Yeah. Yeah. I’ll be, I would be faking it for sure. So, you know, I obviously worked for. Well, not obviously for those that don’t know, uh, I worked for maybe like makes you Mavenlink makes a solution that is tailored to managing people and resources around the space of, uh, project management. It’s not exactly a project sponsor, Mike, I’m just wondering.

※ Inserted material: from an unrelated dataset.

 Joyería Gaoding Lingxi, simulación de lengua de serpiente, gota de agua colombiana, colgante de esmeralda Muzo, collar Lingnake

No, no, we just happened to be talking about our experience and you touched on project management, so it’s your fault. And so, but like, because of that, I learned a lot about waterfall and then I learned a little bit about agile because people come to the booth and be like, oh yeah, you guys do agile. Like you have a Kanban board and all this other stuff.
And anyway, I, even with that, I still couldn’t describe to you what agile is perfectly like by any stretch. And I personally don’t think that marketing teams, I haven’t seen like teams execute agile project managers. At an agency or internally very well. Cause I think we have long-term projects and there are things that just need there, there are dependencies, no matter what.
And when you’re trying to break them down to small and you try to turn them into swim lanes that are at for agile, scrum kind of management, there’s a disconnect in back to your comment earlier, Michael, uh, in like, what is the point of this thing that we’re doing? And what else is it tied to? Right. So like, as you give me a task to go execute on some campaign or whatever, and I lose the bigger picture of that, this is for this persona or this audience, or this go to market strategy.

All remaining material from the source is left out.